In Australia, the costs of raising a child are estimated at anywhere between $500,000 and $1 million a child.
I need to start with a confession – I’m not a parent. I am someone who investigates how science can help parents deal with the sleepless nights, the fussy eaters, the sibling rivalry, the intrusive in-laws and a career that favours full-time hours.
I don’t know what it feels like to hold your child in your arms and to see that same child grow to become an independent human being. I haven’t experienced these things.
What I have experienced, though, is the growing and seemingly widespread view that parents these days aren’t doing a good job – that in fact they’re doing a “crap” job.
Parents are out of touch, we’re told, and too soft. They give in to their kids too easily. They are over-involved helicopter parents, or under-involved don’t-care parents.
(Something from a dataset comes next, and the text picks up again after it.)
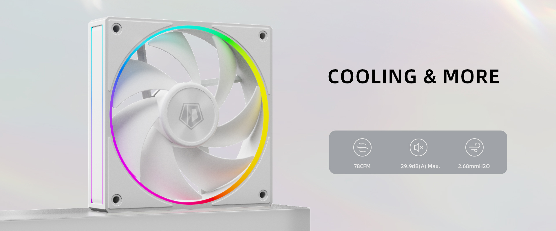 Design elegant si modern: Finisaj alb elegant cu un ventilator cu iluminare aRGB care se potriveste perfect in configuratii moderne.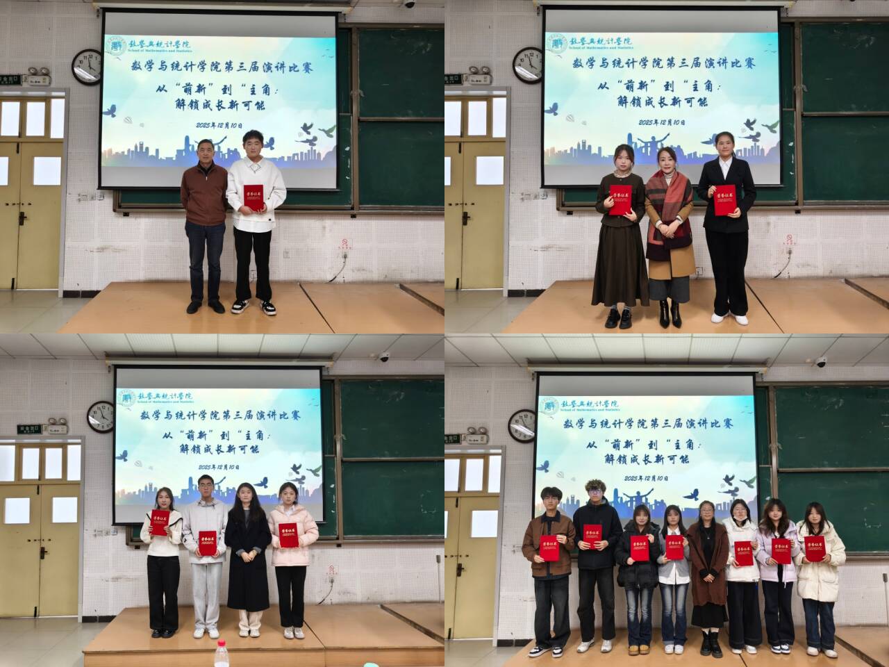此次演讲比赛不仅为数统院学子搭建了展示自我、锻炼能力的优质平台,更传递了“主动探索、勇敢尝试”的成长理念,激发了同学们对自我成长的深度思考与追求。未来,学院将持续开展丰富多样的文化活动,为同学们的全面发展注入更多活力,助力学子在青春赛道上奋力奔跑、实现蜕变。

Or they could be bulldozer or lawn-mower parents, the ones who smooth the way for their child’s transition through life and make life difficult for everyone else in the process.
This is the old “kids these days” narrative but applied to parents.
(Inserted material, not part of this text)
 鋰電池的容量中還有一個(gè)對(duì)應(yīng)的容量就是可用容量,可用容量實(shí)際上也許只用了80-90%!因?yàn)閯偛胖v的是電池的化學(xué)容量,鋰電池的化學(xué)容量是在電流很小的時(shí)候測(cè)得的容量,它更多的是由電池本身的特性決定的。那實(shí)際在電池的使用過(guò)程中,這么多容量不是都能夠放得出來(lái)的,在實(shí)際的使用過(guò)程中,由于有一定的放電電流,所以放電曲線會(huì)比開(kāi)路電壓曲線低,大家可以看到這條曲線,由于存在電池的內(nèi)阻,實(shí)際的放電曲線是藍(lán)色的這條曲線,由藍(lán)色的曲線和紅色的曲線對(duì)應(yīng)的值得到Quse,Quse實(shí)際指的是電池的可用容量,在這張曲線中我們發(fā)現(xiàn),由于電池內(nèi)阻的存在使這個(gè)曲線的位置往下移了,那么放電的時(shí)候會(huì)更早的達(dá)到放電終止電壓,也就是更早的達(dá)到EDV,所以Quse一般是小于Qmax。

Has parenting actually changed?
A 2012 study surveyed thousands of English adolescents in 1986 and again in 2006 to determine the extent that parent-child relationships had changed over 20 years.
The study showed that parental monitoring of youth behaviour and parent-child quality time increased from 1986 to 2006. Parents in 2006 also expected more from their children than they did in 1986, including the expectation of being polite.
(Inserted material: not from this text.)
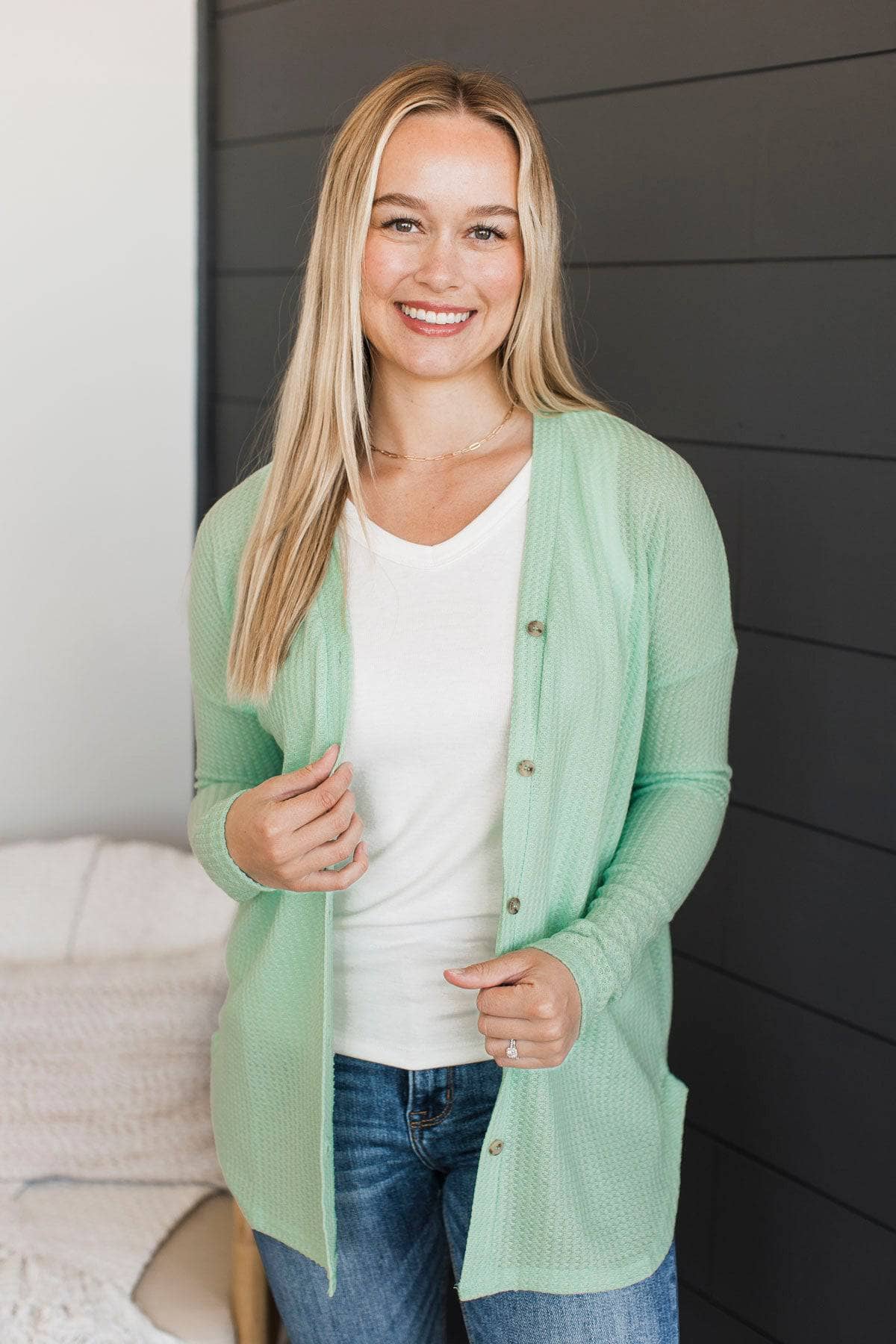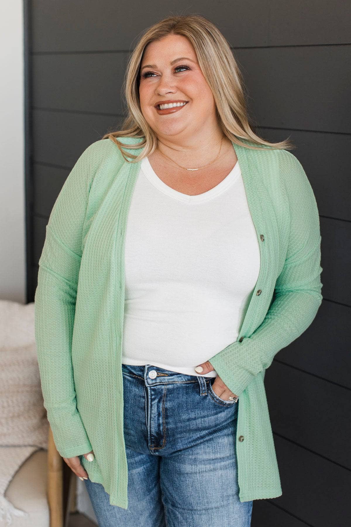 With Reverence Waffle Button Cardigan- Mint

The authors concluded that their study failed to provide any evidence that the quality of parent-child relationships had declined over time, and that there was little evidence of any decline in parenting across the target population.
This finding corroborates earlier studies that analysed parenting patterns across generations and found that mothers and fathers tended to spend greater amounts of time in child care-related activities in the 1990s than they did in the 1960s.
So what is different? The major trend that strikes me about parents today is the appetite for evidence that informs decisions about parenting. Parents want evidence that what they are doing is effective.
They invest time to research whether vaccines work, to find evidence that “breast is best”, evidence that car seat A is superior to car seat B, evidence that certain toys are developmentally appropriate, evidence that the discipline strategies they use are effective.
The costs of having children are also rising. In Australia, the costs of raising a child are estimated at between $500,000 and $1 million (about $US407,000 to $US815,000) a child – and that’s just to the point when they leave home.
These costs have doubled since 2007, while household income increased 25 per cent, which is perhaps an indication of why people are having fewer kids.
Years of experimental research are converging on a simple, and obvious, conclusion: the way we parent our children has a profound effect on how they develop and go on to contribute to society. Put differently, the specific parenting strategies we use with our children have a direct and significant impact on our children’s life chances and opportunities.
Early family relationships have been shown to have an impact on an individual’s cognitive ability, social and emotional adjustment, health and wellbeing, and involvement in crime and substance abuse.
Recent research has also demonstrated how different parenting styles and strategies influence aspects of brain development. One study showed how harsh parenting reduced telomere length in the brain (a biomarker for chronic stress). Another demonstrated that, even in environments of poverty, altering the way we parent our children can help alleviate some of the adverse effects of disadvantage and promote better brain development in children.
A fundamental skill that parents can teach their children is self-control. It’s a skill that allows us to get on with others, to focus and stick to tasks and to be sure to look after ourselves. The importance of self-control at the individual and community level has been captured in a powerful longitudinal study, which found that the level of self-control of children at age three could predict their later physical health, substance dependence, financial wellbeing and involvement in crime at age 32.
Nobel Laureate James Heckman points out that disadvantage is better defined by the quality of the early nurturing environment and the types of parenting that children receive, rather than by the financial resources available to them.
As this evidence begins to make its way into the modern vernacular of parenting, the physical, emotional, financial and intellectual resources that parents are investing in raising their children have never been greater.
We need to stop damning parents of today, embrace their appetite for knowledge, and continue to evolve the sophistication and availability of evidence-based parenting strategies.